[Assigned task]: Only the text of the entries below should appear in your exact transcription; leave out every picture.

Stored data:
□ □ □
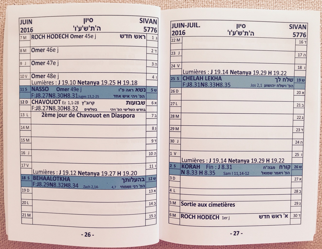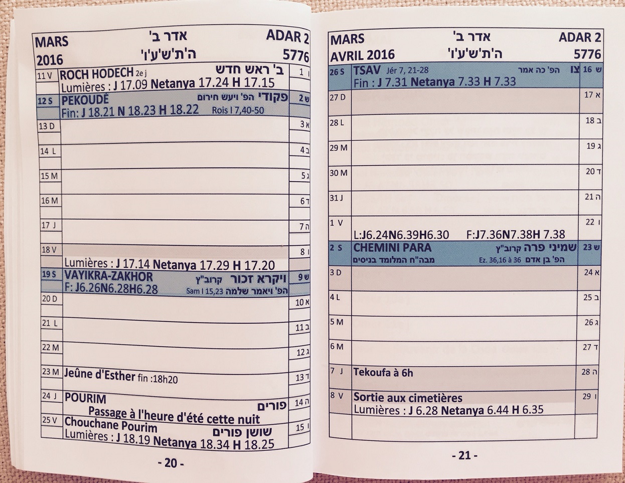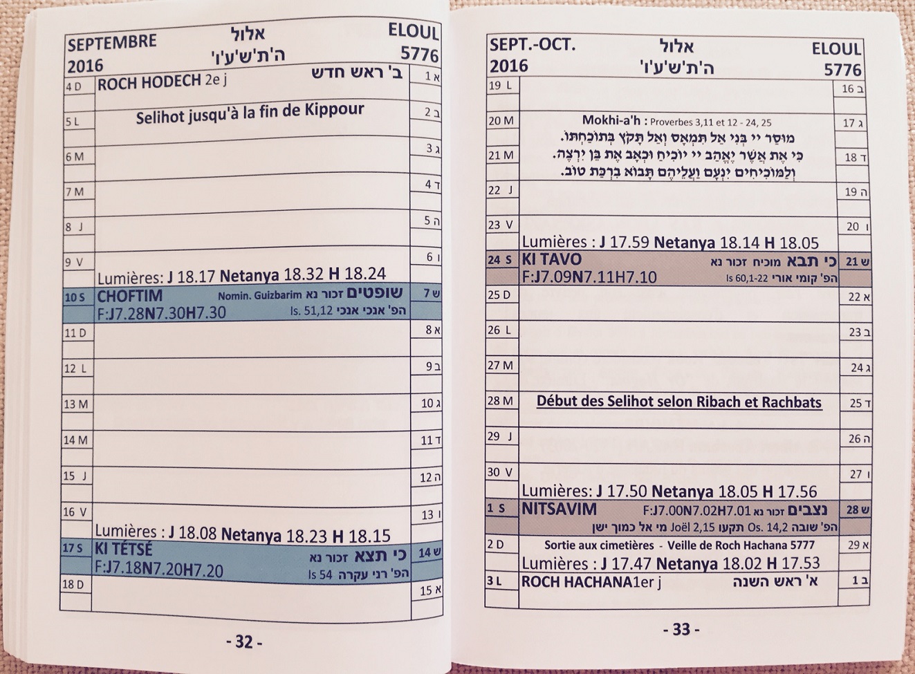 Annee 5776, 2015 - 2016
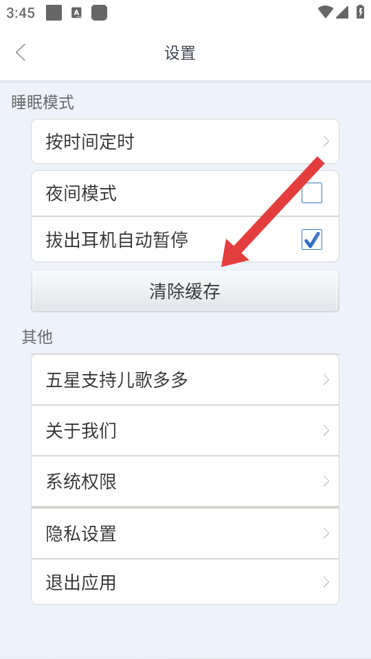 3、在设置页面,找到并点击清除缓存按钮,触发您确定要清除缓存吗的确认弹窗。
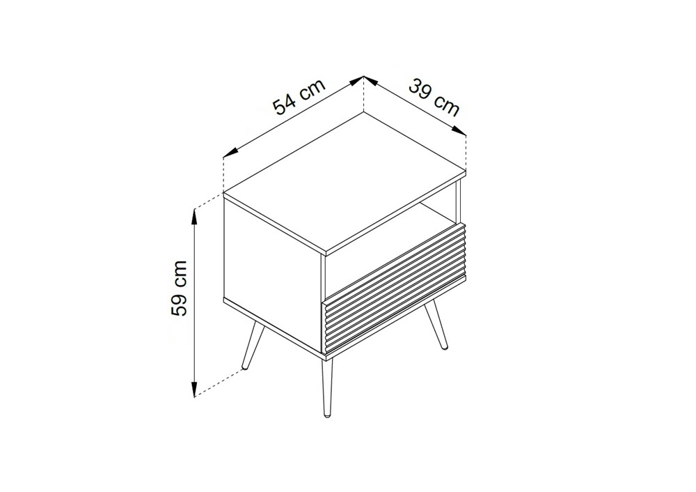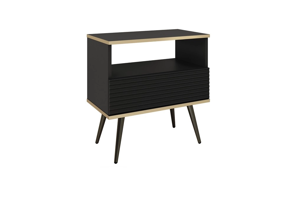 Nachttisch aus der Luxury-Kollektion wird alle Liebhaber von raffinierten Arrangements begeistern. Die Möbel zeichnen sich durch ihre Schlichtheit und Eleganz aus und überraschen durch ihre breite Funktionalität. Klassisch schwarz verleiht dem Innenraum ein einzigartiges Aussehen und Gefühl. Interessante Kombination geriffelte Fronten mitlATERAL die den Korpus des Nachttischs umgibt, verleiht dem Möbelstück einen einzigartigen Schliff. Beine aus Metall w schwarz optische Leichtigkeit bei gleichzeitiger Funktionalität.
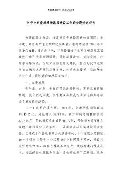 【七哥公文】2025年:【七哥公文】关于电商发展及物流园建设工作的专题协商报告+更多免费公文+VX:QiGeGongWen2024+更多免费公文+VX:QiGeGongWen2024
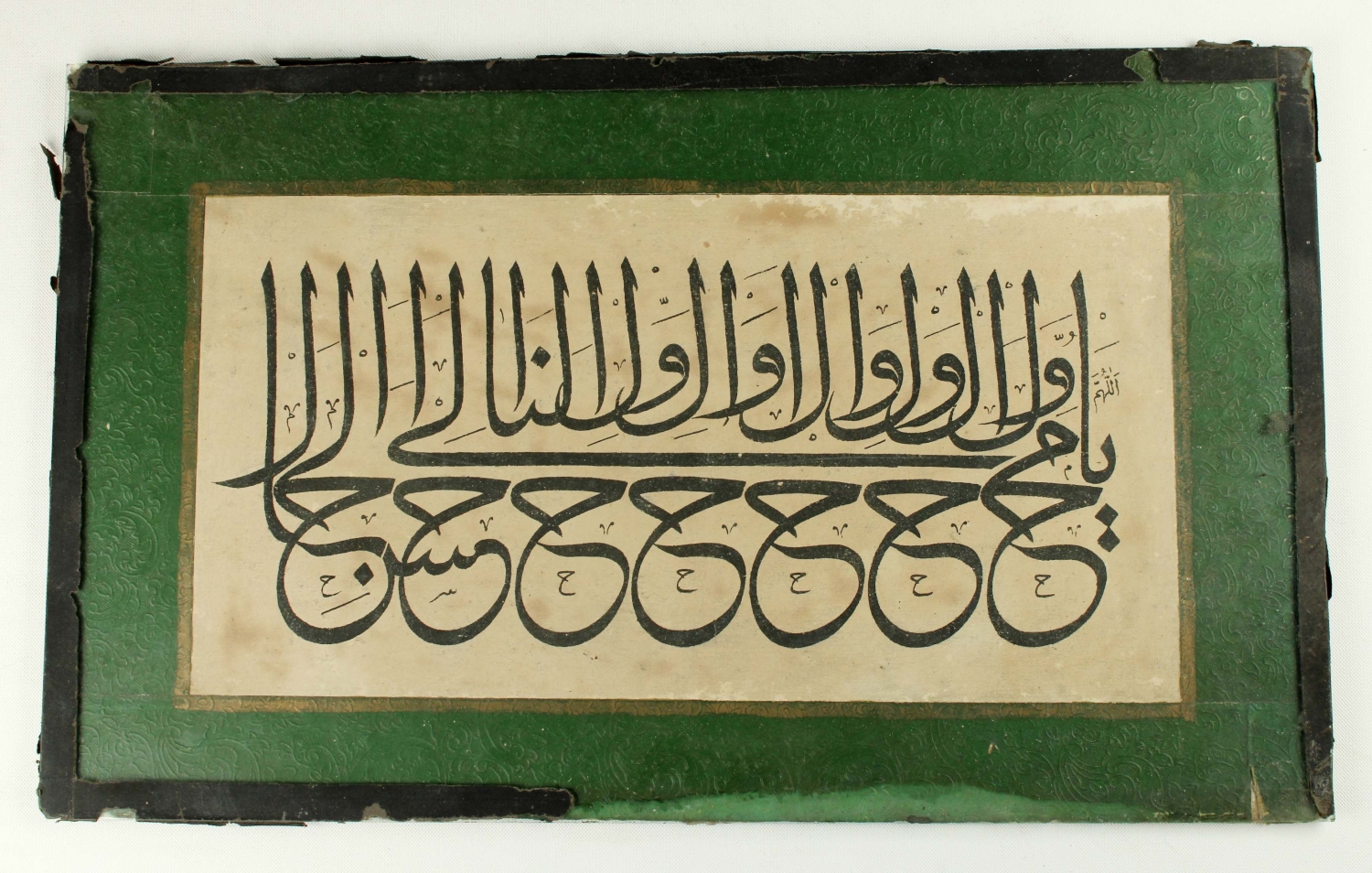 Baskı hat levha, arkasında Osmanlıca 'Hacı Bayram Cami İmamı Konyalı Zekai Sarsılmaz 1966' yazılı, 33x20cm
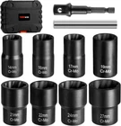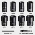 Each bolt extractor is made of high hardness chrome-molybdenum steel with black phosphate process for superior durability and longer life. It will easily extract damaged bolts, nuts, and screws, even if they are stripped, rusted, or frozen. The internal thread with reverse spiral flutes is designed to bite down to provide maximum gripping power, the more you turn, the tighter the socket grips. Standard 1/2-inch drive to and hex adapter for hand tools, air, or power tools. The knockout pin for easier removal. 10 pieces 1/2 inch drive impact bolt & nut remover comes with 27mm, 24mm, 22mm, 21mm, 19mm, 17mm, 16mm, 14mm, hex adapter, and a knockout pin. Heavy-duty blow-molded case lets all the bolt removers stay organized and take your set on the go.
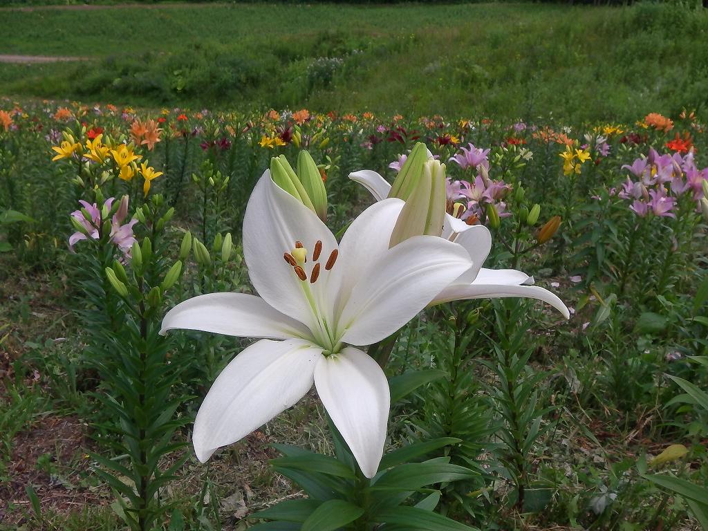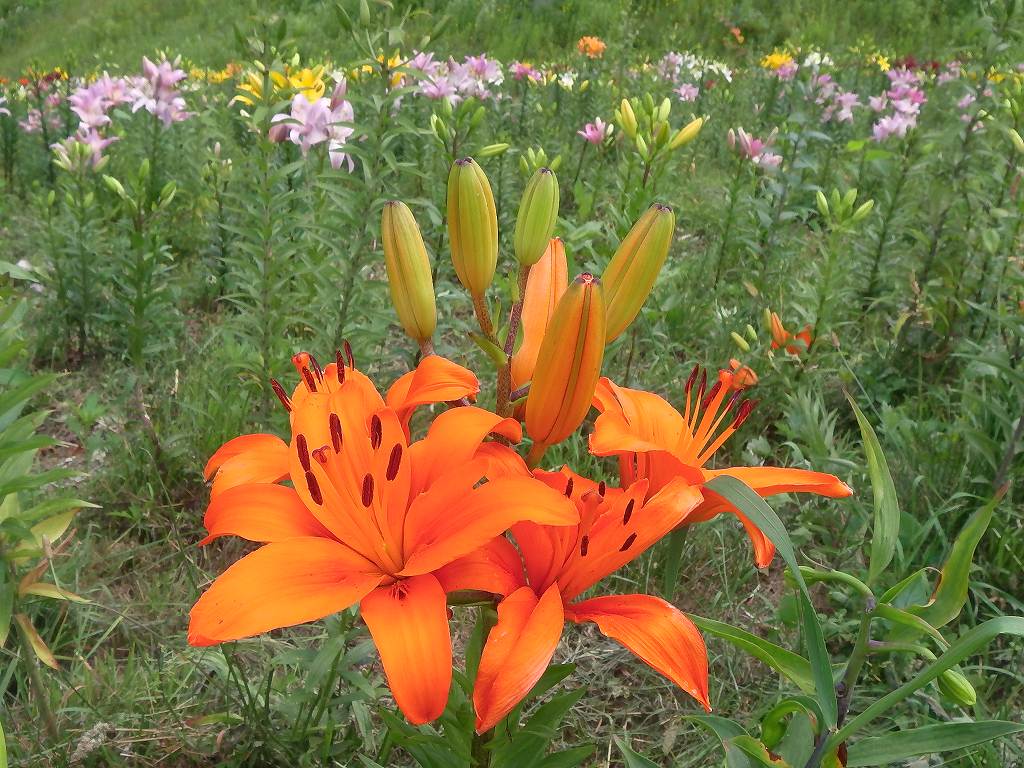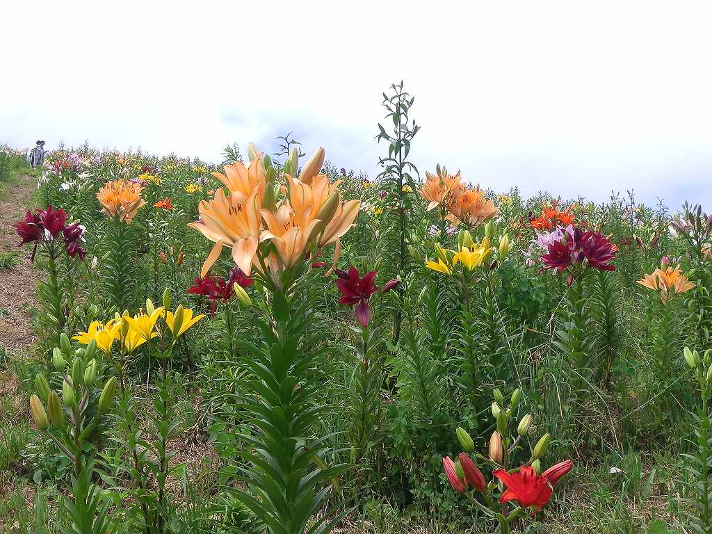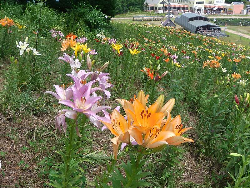 無料券をもらったので『オーンズ春香山ゆり園』に行ってきました。(通常は大人800円もする。800円も払ってわざわざ見に行くこともないかな〜って感じですが・・・ 期間は7月11日〜8月23日) まだ少し早いような・・7月下旬〜8月上旬が最盛期(すかしゆり&ハイブリッドゆりが重なって咲くとのこと)のようです。 オーンズスキー場のリフトに乗って登り、帰りはゆりを見ながらゆっくりと下って来るひとがほとんどです。私たちは当然下から歩いて登ります。リフト降り場まで僅か1.1km、それにまったくの空身なのに足が重い!!『連日の山登りの疲れが溜まっているのかな〜』と独り言を呟きながら、やっとリフト終点へ。これでは、今週の『クチャンベツ〜忠別岳〜高原温泉』の縦走が思いやられる。 |
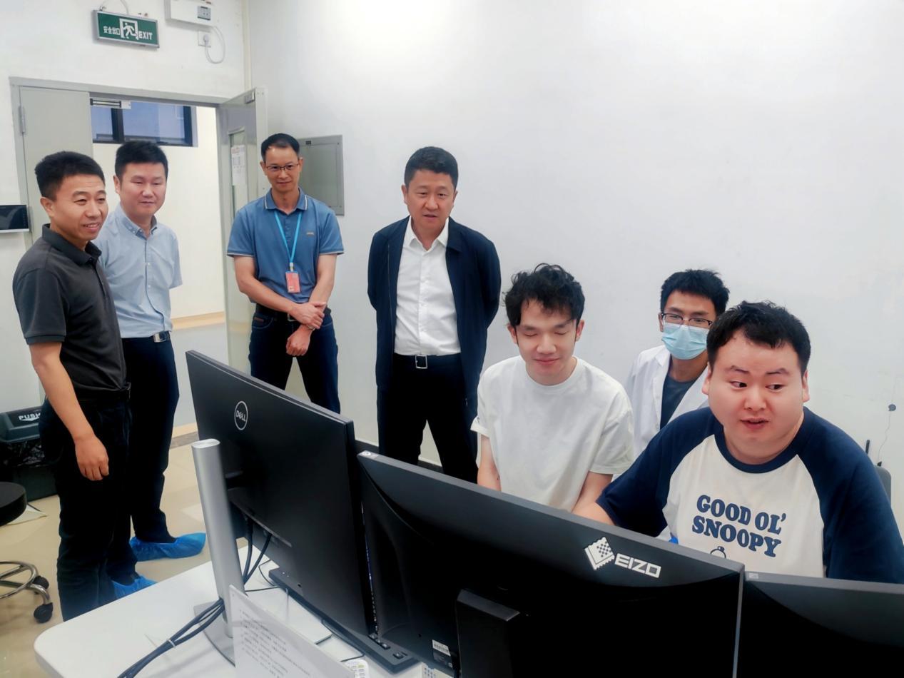 调研过程中,白建刚深入实验室,实地察看了大型仪器设备配置与运行状况,与一线分析测试人员交流大家的工作情况和具体分管设备的使用情况,重点听取了霍延平主任leyu乐鱼·官方web站登录入口中心日常管理运行机制、服务科研情况及双球差电镜试运行情况的汇报。
□ □ □
[Answer section]:
 Annee 5776, 2015 - 2016
 3、在设置页面,找到并点击清除缓存按钮,触发您确定要清除缓存吗的确认弹窗。
 Nachttisch aus der Luxury-Kollektion wird alle Liebhaber von raffinierten Arrangements begeistern. Die Möbel zeichnen sich durch ihre Schlichtheit und Eleganz aus und überraschen durch ihre breite Funktionalität. Klassisch schwarz verleiht dem Innenraum ein einzigartiges Aussehen und Gefühl. Interessante Kombination geriffelte Fronten mitlATERAL die den Korpus des Nachttischs umgibt, verleiht dem Möbelstück einen einzigartigen Schliff. Beine aus Metall w schwarz optische Leichtigkeit bei gleichzeitiger Funktionalität.
 【七哥公文】2025年:【七哥公文】关于电商发展及物流园建设工作的专题协商报告+更多免费公文+VX:QiGeGongWen2024+更多免费公文+VX:QiGeGongWen2024
 Baskı hat levha, arkasında Osmanlıca 'Hacı Bayram Cami İmamı Konyalı Zekai Sarsılmaz 1966' yazılı, 33x20cm
 Each bolt extractor is made of high hardness chrome-molybdenum steel with black phosphate process for superior durability and longer life. It will easily extract damaged bolts, nuts, and screws, even if they are stripped, rusted, or frozen. The internal thread with reverse spiral flutes is designed to bite down to provide maximum gripping power, the more you turn, the tighter the socket grips. Standard 1/2-inch drive to and hex adapter for hand tools, air, or power tools. The knockout pin for easier removal. 10 pieces 1/2 inch drive impact bolt & nut remover comes with 27mm, 24mm, 22mm, 21mm, 19mm, 17mm, 16mm, 14mm, hex adapter, and a knockout pin. Heavy-duty blow-molded case lets all the bolt removers stay organized and take your set on the go.
 無料券をもらったので『オーンズ春香山ゆり園』に行ってきました。(通常は大人800円もする。800円も払ってわざわざ見に行くこともないかな〜って感じですが・・・ 期間は7月11日〜8月23日) まだ少し早いような・・7月下旬〜8月上旬が最盛期(すかしゆり&ハイブリッドゆりが重なって咲くとのこと)のようです。 オーンズスキー場のリフトに乗って登り、帰りはゆりを見ながらゆっくりと下って来るひとがほとんどです。私たちは当然下から歩いて登ります。リフト降り場まで僅か1.1km、それにまったくの空身なのに足が重い!!『連日の山登りの疲れが溜まっているのかな〜』と独り言を呟きながら、やっとリフト終点へ。これでは、今週の『クチャンベツ〜忠別岳〜高原温泉』の縦走が思いやられる。 |
 调研过程中,白建刚深入实验室,实地察看了大型仪器设备配置与运行状况,与一线分析测试人员交流大家的工作情况和具体分管设备的使用情况,重点听取了霍延平主任leyu乐鱼·官方web站登录入口中心日常管理运行机制、服务科研情况及双球差电镜试运行情况的汇报。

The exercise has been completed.